Because we didn’t cut the chord right away, and maybe because of the easier transition of womb to water, she didn’t cry right away. She literally opened her eyes and looked up at Bron who was right behind me . Of course who knows how well infants can see, but her eyes were open and just looked like she was trying to figure out what was going on.

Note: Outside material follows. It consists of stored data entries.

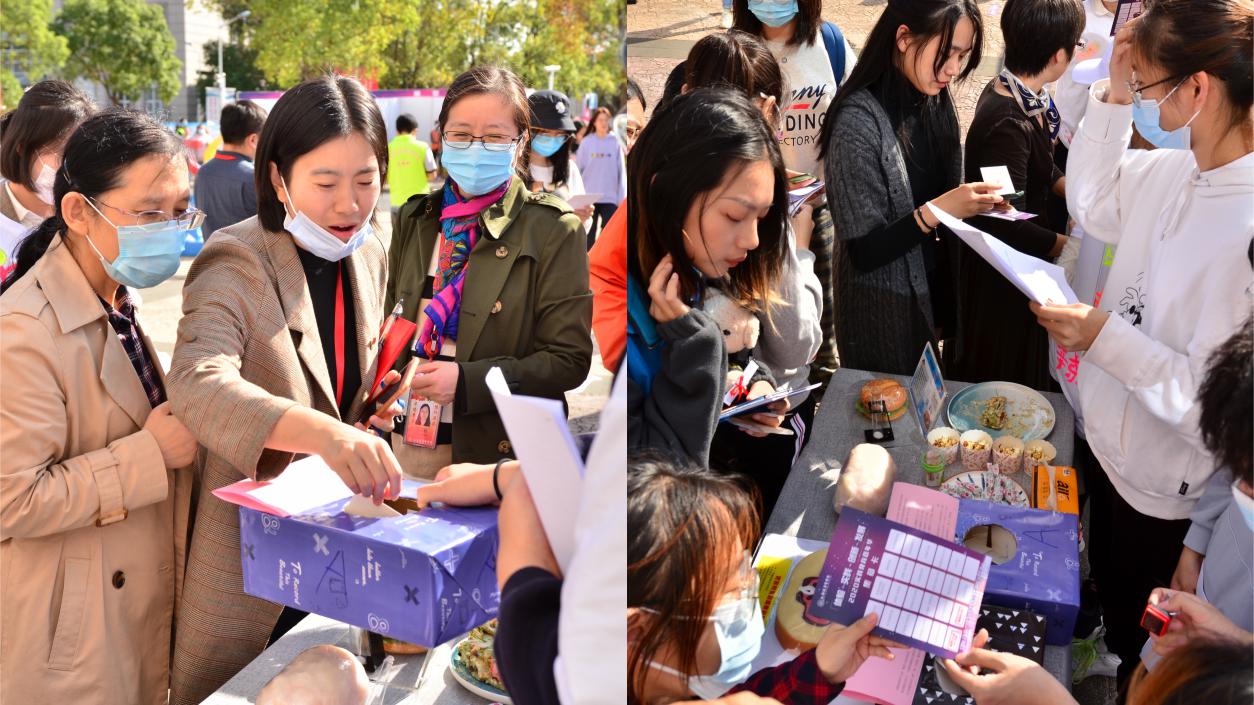 校领导和老师也循着香味来到食品卫生与营养专业的展台,并兴致勃勃地参与了答题品尝美食的游戏。
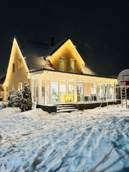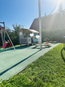 На участке есть зона огорода, 2 теплицы. Детская площадка Ksil (2 качелей, домик, баскетбольной кольцо). Мангальная зона с печкой и дровенником. Стоянка на 2-3 автомобиля. Открытая терраса из террасной доски между баней и домом.
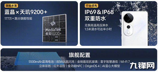 細節(jié)方面,它還支持藍牙5.3、Wi-Fi7、NFC、紅外遙控,支持IP68/IP69防塵防水,搭載基于Android14的OriginOS4系統(tǒng),支持AI藍心大模型。

It was just crazy! 30 seconds before, I was in major pain and anguish and it was loud;) . And then she was here, quietly on my shoulder , “looking” around. Bron told me she looked like my Dad. We just looked at her and couldn’t believe how little and how pretty she was !! I was so glad it was over and so glad Emmylou was here with us ! MerryLee splashed her with water to get her clean, and I said “I can’t believe how loud I was !!” She laughed, “You weren’t that bad.” Oh, but I was. ūüėČ

Some people don’t like the idea of water birth, because then after baby is born, you’re in there with all the after-birth stuff;} But truly, I have no memories of that ! When I look back on this moment, it’s just me and Bron and baby Emmy looking at each other and being so happy. I can’t remember what the water looked like. Sorry, weird note to end on perhaps?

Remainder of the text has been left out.